Principal photography began on January 30, 1984, at the Wattles Mansion, which served as the film's main location, in Los Angeles, California, after being in pre-production for five months. During its fifth week of filming, Hemdale Film Corporation was set to handle the film's domestic distribution. However, the company remained uncredited when they later filed a lawsuit against Charles Band and Ghoulies Productions, citing "misrepresentation" after Band allegedly misled the company regarding the home video sales and distribution.

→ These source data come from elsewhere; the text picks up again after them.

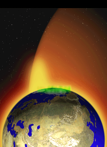 Above the Earth's surface, the ionosphere is a plasma,[39] and the magnetosphere contains plasma.[40] Within our Solar System, interplanetary space is filled with the plasma expelled via the solar wind, extending from the Sun's surface out to the heliopause. Furthermore, all the distant stars, and much of interstellar space or intergalactic space is also likely filled with plasma, albeit at very low densities. Astrophysical plasmas are also observed in accretion disks around stars or compact objects like white dwarfs, neutron stars, or black holes in close binary star systems.[41] Plasma is associated with ejection of material in astrophysical jets, which have been observed with accreting black holes[42] or in active galaxies like M87's jet that possibly extends out to 5,000 light-years.[43]
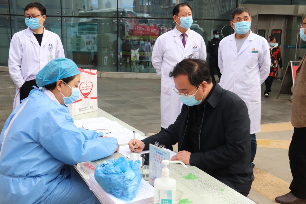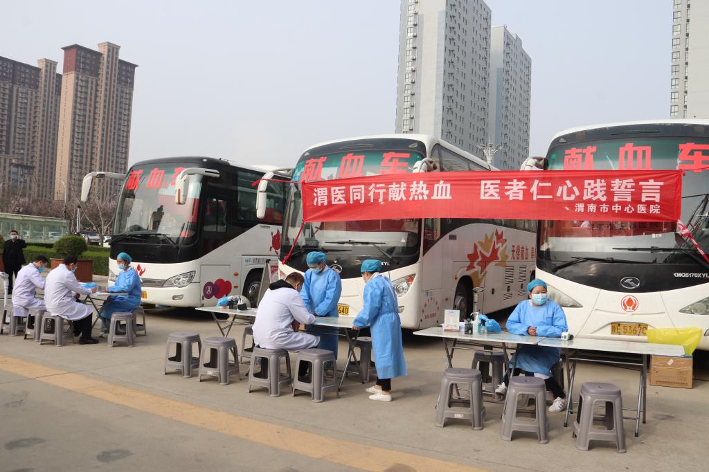 3月18日,乐鱼手机站入口联合市中心血站在医院门诊楼前开展以“渭医同行献热血 医者仁心践誓言”为主题的无偿献血活动。
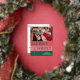 Unique, trendy and simple chic seasonal Christmas Holiday greetings card featuring your favourite winter photograph and real gold foil MERRY CHRISTMAS text on a coral red, blush pink and forest green coloured bold stripes pattern. With room to customize or personalize with a photo and family name or names of your choice on the front, and a customizable season greeting poem on the backside of the card, including your return address, city, zipcode and state.
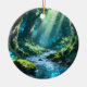 Beautiful enchanted forest ceramic ornament featuring a dreamy woodland scene with glowing water, sun rays, mossy trees, and a magical fantasy atmosphere. Perfect for holiday decor, Christmas trees, nature lovers, fantasy fans, and elegant seasonal decorations. A peaceful and enchanting design that adds a soft magical touch to any space.
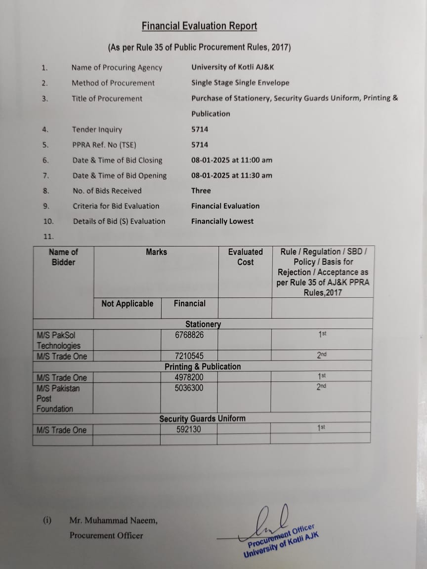 20-12-2024 | 08-01-2025 | Close | Education Department | University of Kotli | Download File
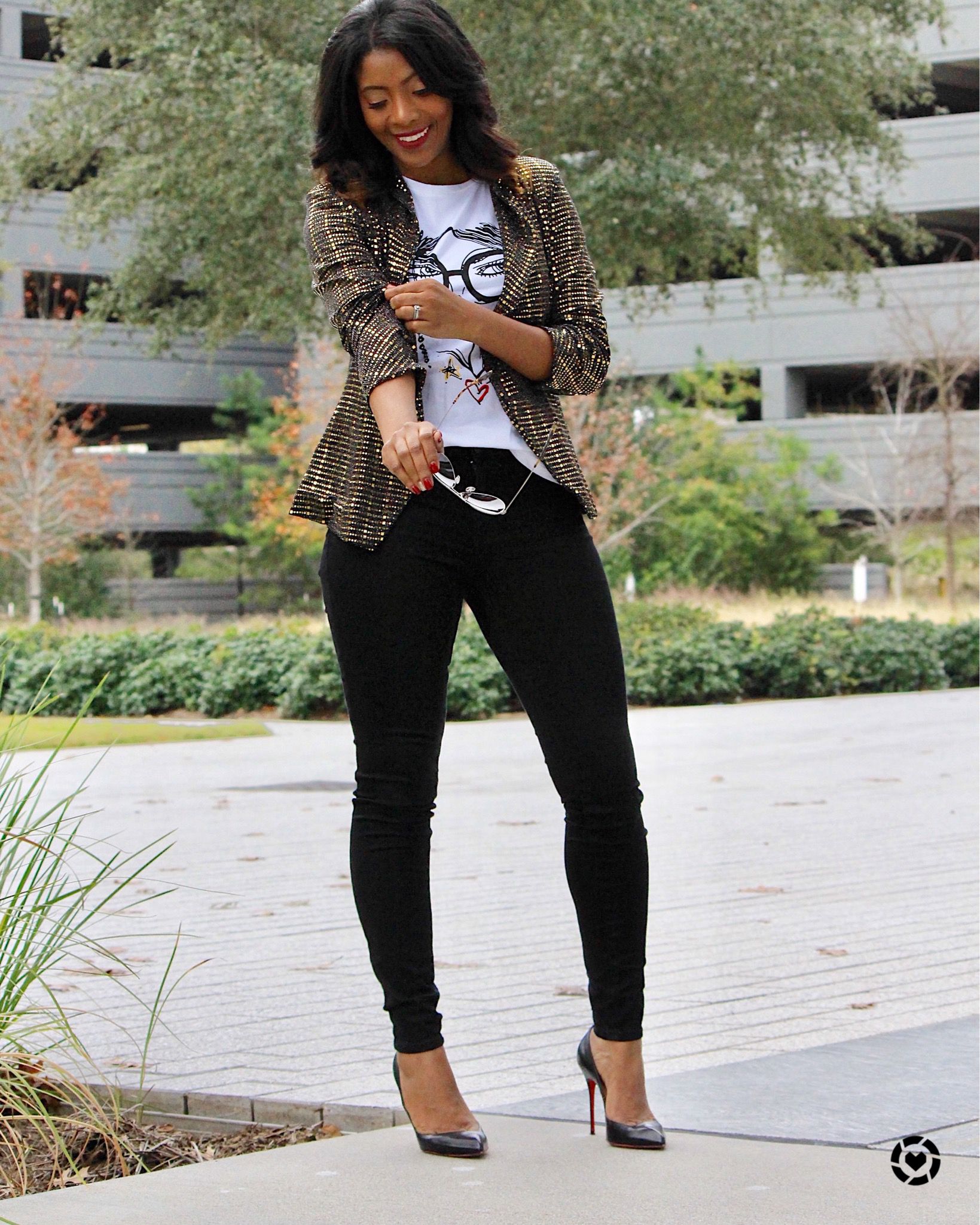 4. Date Night Glam: Select a sleek and tailored blazer in a metallic or sequined fabric and wear it with black skinny jeans. Pair it with a silky camisole or a lace top for a touch of femininity. Finish off the look with heels and statement jewelry for a glamorous evening ensemble.
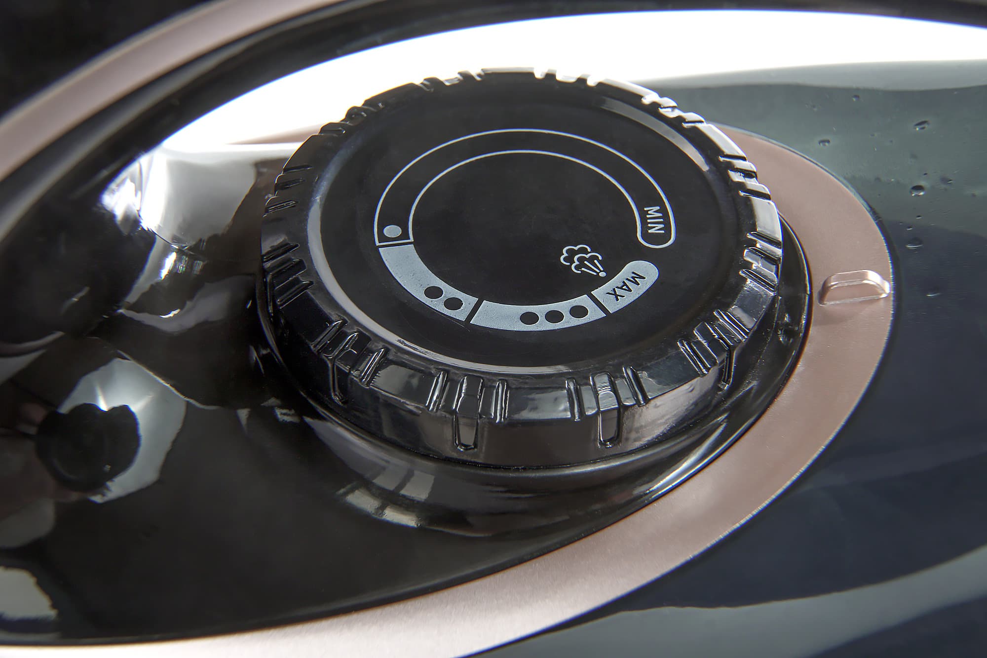 Ручка пластиковая, никаким покрытием не обработана, но в ладони не скользит. Внешняя сторона ручки в месте соприкосновения с ладонью пользователя негладкая, на поверхности нанесен ребристый узор. Кнопки парового удара и разбрызгивателя находятся в привычном месте, при работе оказываются ровно под большим пальцем. Далее, ближе к носику, можно видеть регулятор мощности подачи пара, откидную крышку, защищающую отверстие для наполнения резервуара водой, и сопло разбрызгивателя.
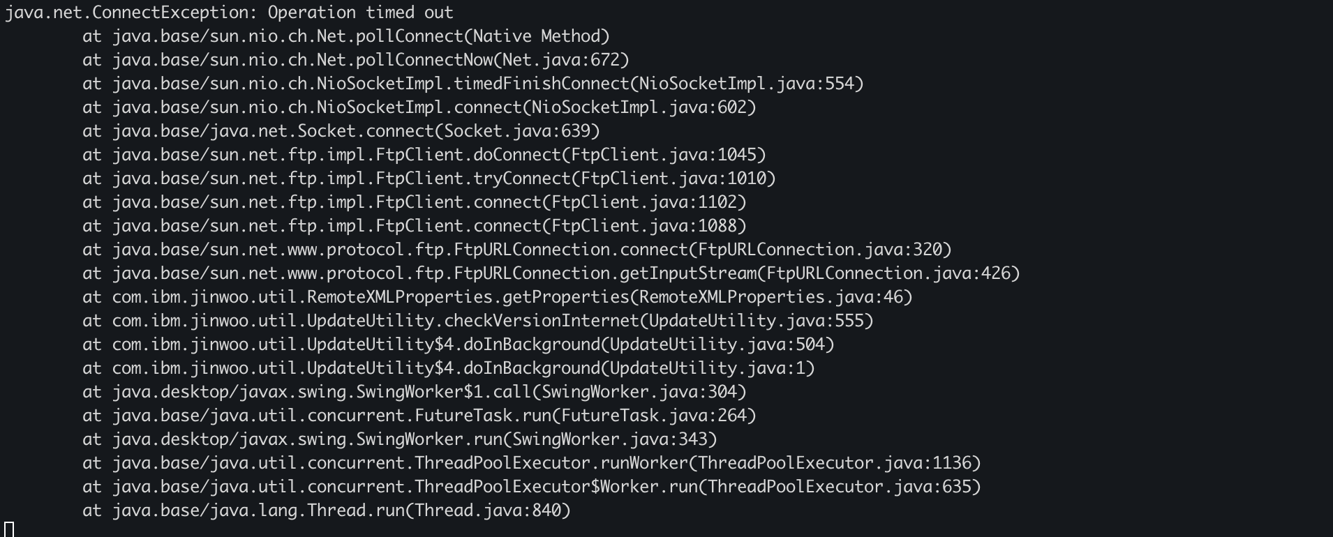 IBM HeapAnalyzer 를 실행 하면 ftp 연결을 시도하는데 timeout 발생한 에러 이다. (신경쓰지 않아도 되는 에러이다.)

The film was in production at the same time as Joe Dante's film Gremlins (1984). Warner Bros. sued to stop Ghoulies Productions from using the title, but lost. Halfway through shooting, Band ran out of money, so the filmmakers spent months searching for funding, which allowed Gremlins to be released first.

==Release==
The film premiered in Los Angeles on January 18, 1985, opening in 350 theaters before premiering in New York on March 1.

===Critical response===
Vincent Canby of The New York Times dismissed the film as "a cut-rate 'Gremlins'" with "unexceptional performances" and "a lot of badly simulated gore". Variety wrote that the film "has a quaint corniness about it, as if it were a cheapie horror movie from the 1950s ... Special effects and production values are mediocre, which in this case is part of the fun". Michael Wilmington of the Los Angeles Times wrote: "Cinematographer Mac Ahlberg contributes eerily lit camera work that occasionally achieves surprising atmosphere and delicacy, and John Carl Buechler's creations, the ghoulies themselves—foul, reptilian little beings coated with some obscene glittering, mucous-like moisture—have a certain nauseating charm. From there, however, it's a steep slide downhill". Kim Newman of The Monthly Film Bulletin called it "an unashamed rip-off which contrives to ignore its obvious inspiration (Gremlins) and comes up with yet another prime example of the comic book-ish vitality, wit and simplicity which has become Band's trademark".

On review aggregator website Rotten Tomatoes, the film holds an 7% approval rating, based on 14 reviews.